CHARLESTON, W.Va. -- Sen. Joe Manchin will vote to reverse an earlier measure that would have defunded the Affordable Care Act, despite his opposition to a key piece of the health care law.
Manchin said while he opposes a section of the law requiring all U.S. citizens to have health insurance coverage, he would not support a government shutdown to see the mandate abolished or delayed.
Congress is currently in a budget standoff over the law.
Members have until Sept. 30 to pass a budget, or else almost all operations of the U.S. government will shut down. The Republican-led House of Representatives passed a funding bill last Friday that would keep the government open, but also would strike down the Affordable Care Act.
Leaders in the Democrat-controlled U.S. Senate have made it clear they will not pass that bill.
In an emailed statement released Thursday afternoon, Manchin said Republican opposition to the Affordable Care Act should not be used to shut down the government.
"We need to work together as Americans to solve these problems so we can get our economy back on track and create American jobs," he said.
He said he still does not support the law's so-called "individual mandate" that will require all U.S. citizens have health insurance by Jan. 1, 2014 or face a fine.
"I have always opposed the individual mandate, and I continue to have concerns with the implementation of the Affordable Care Act and the cost and choices West Virginians will have in the health care exchanges," he said.
There are exemptions to the mandate.
Those who cannot afford coverage because the monthly premiums would exceed 8 percent of their annual income, and those who are experiencing hardships won't have to purchase coverage. Anyone who qualifies for Medicaid coverage under the new law but lives in state that refused to expand its Meidcaid program also is exempt.
Among the other exempt groups are Native Americans who are eligible for care under a separate program, illegal immigrants, prisoners and members of a health care sharing ministry.
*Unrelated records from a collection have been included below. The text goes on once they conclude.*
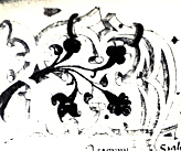 Floral decoration of a privilege signed 17 March 1413 at Barcelona by Ferdinand I of Aragon and confirming to the Consistori de Barcelona the concessions made earlier by himself, John I, and Martin. Now preserved in the Arxiu de la Corona d'Aragó (2393, ff. 44–5) and in the Cançoneret d'amor, now BnF esp. 225.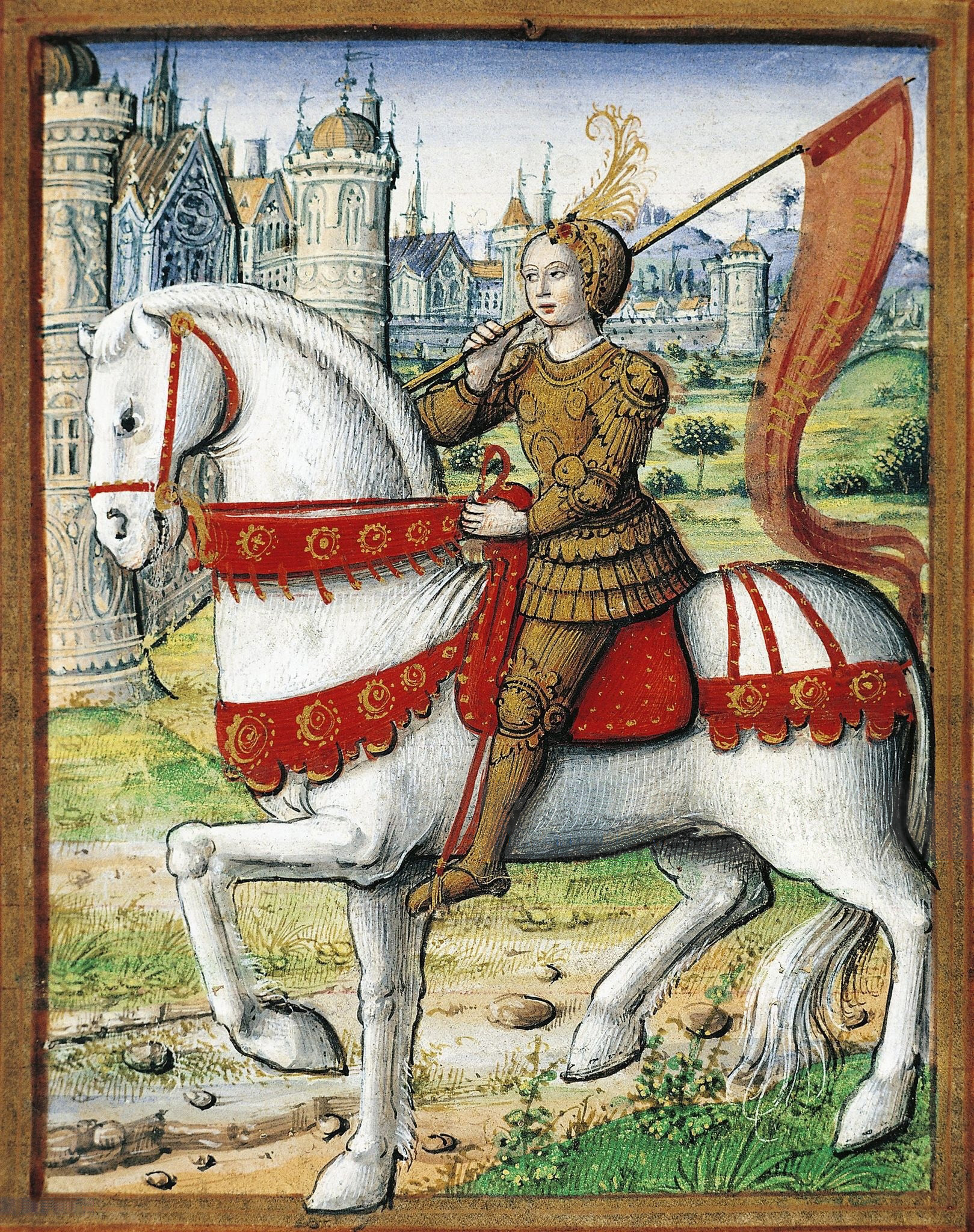 Joan of Arc depicted on horseback in an illustration from a 1504 manuscript.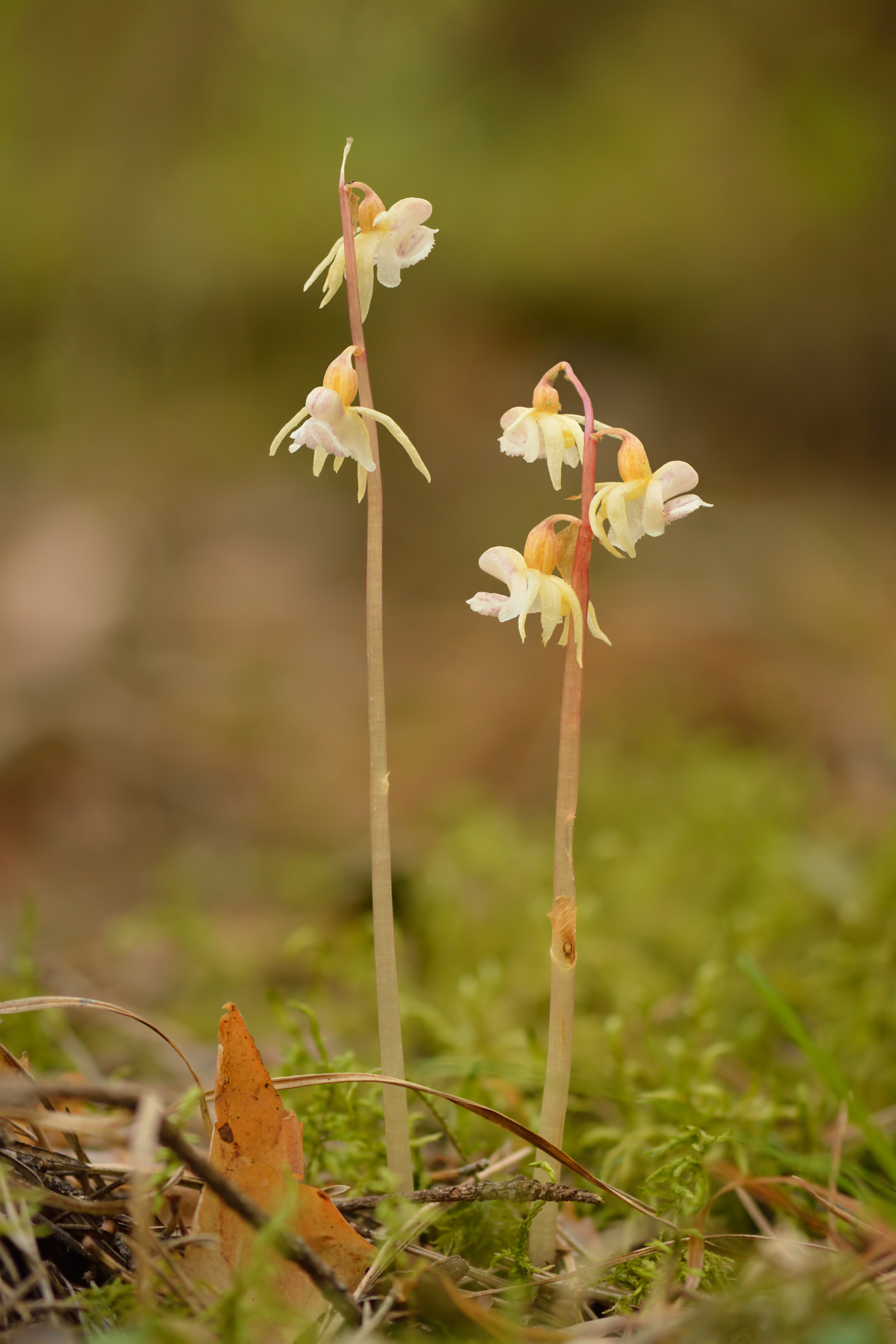 Ghost orchid. Flower size ca 20 mm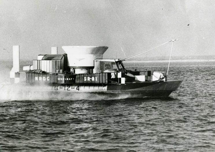 Description: Experimental Hovercraft SRN-1 during trials by the Royal Navy. Date: c.1963 Our Catalogue Reference: ADM 1/28993 This image is from the collections of The National Archives. Feel free to share it within the spirit of the Commons. For high quality reproductions of any item from our collection please contact our image library.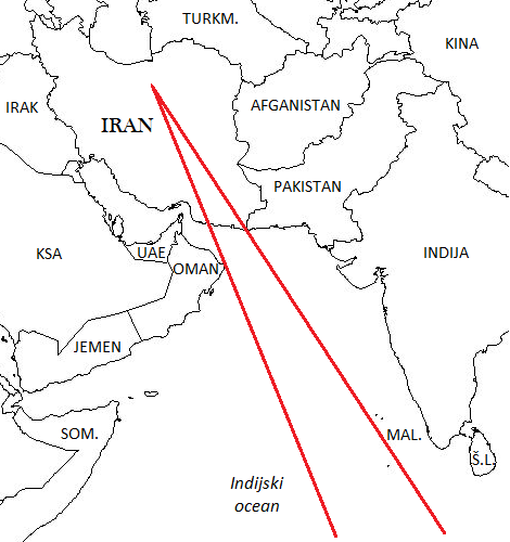 Launch Corridor of the Imam Khomeini Space Center (Serbo-Croatian description) Srpskohrvatski / српскохрватски: Lansirni koridori Svemirskog centra Imam Homeini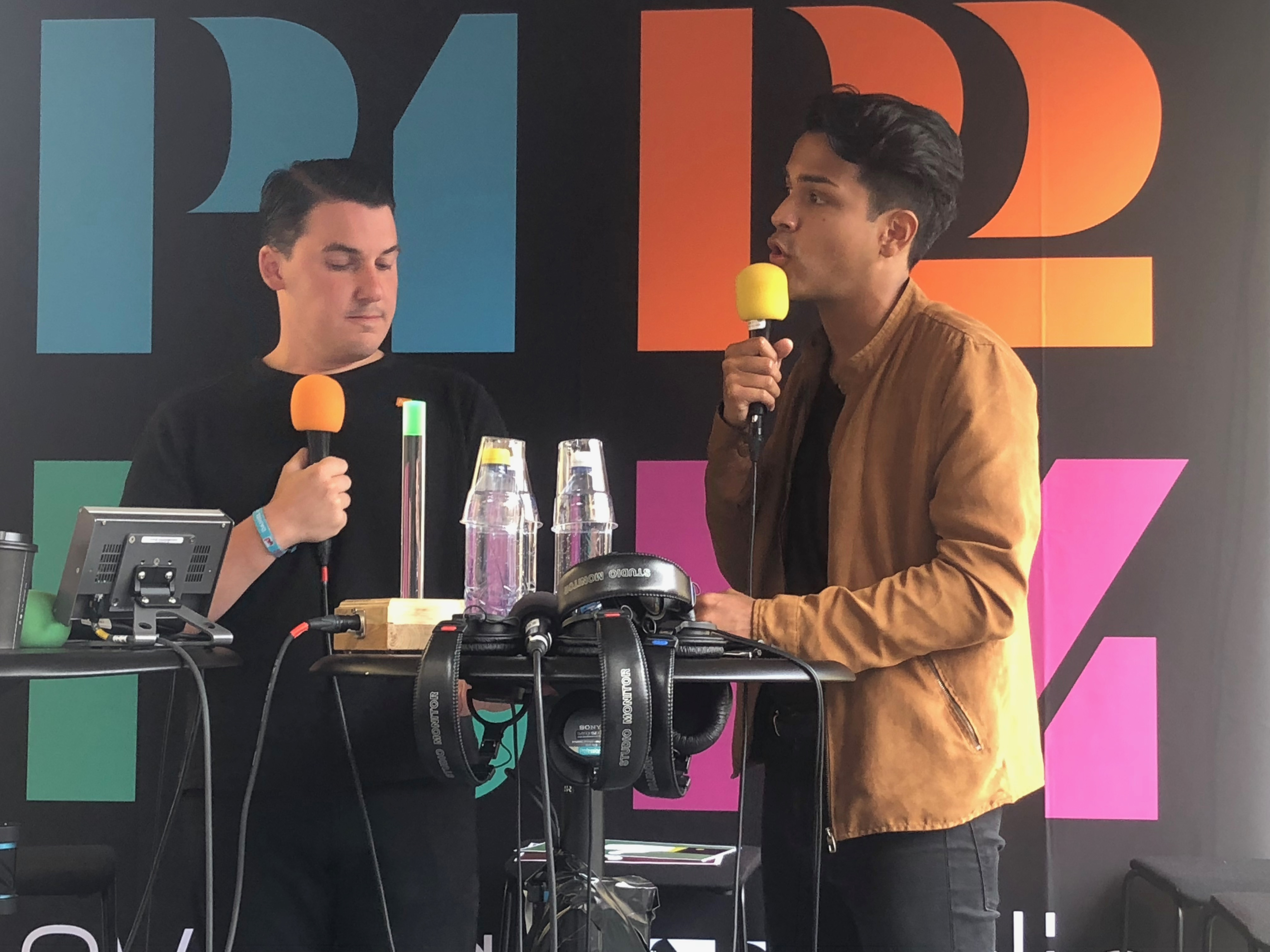 Joar Forssell och Philip Botström intervjuad av SR i Almedalen 2018

There is also a religious exemption.
The Congressional Budget Office estimates more than 20 million people will be exempt from the mandate by 2016.
Many see the individual mandate as the cornerstone of Obama's Affordable Care Act, which passed Congress in 2010. Without it, many health care experts fear the law's attempts to reduce the costs of care and insurance will be futile.
The mandate hinges on the idea that there are more healthy people in the world than sick people.
By requiring all of the healthy people to have health insurance, whether they need it right now or not, their premiums will help balance out all the unhealthy people who are racking up lots of hospital bills.
That, in theory, would keep health insurance premiums and healthcare costs low for everyone.
Many have claimed the mandate was unconstitutional, but the U.S. Supreme Court released an opinion last year upholding the provision.
Manchin's opposition to the individual mandate is not surprising.
While running for Senate in 2010, Manchin told the Wheeling Intelligencer newspaper he would support a repeal of the health care law "unless we can find common ground and common sense."
About two years ago he told ABC news he didn't like the individual mandate because it forced citizens to purchase health insurance.
"I've always had a concern and a problem with the mandate, that we were forcing it, basically saying by the law of the land you have to buy the product," he said at the time.
On Thursday morning, Manchin appeared ready to break ranks with his fellow Democrats and support a bill that would prevent a government shutdown while delaying the mandate.
"There's no way I could not vote for it," Manchin said, according to Bloomberg Businessweek. "It's very reasonable and sensible."
Manchin, speaking at a Bloomberg Government breakfast on Thursday, said President Barack Obama's administration already has given businesses until 2014 to provide health insurance for employees.
"Don't put the mandate on the American public right now," Manchin said, according to Bloomberg. "Give them at least a year. If you know you couldn't bring the corporate sector, you gave them a year, don't you think it'd be fair?"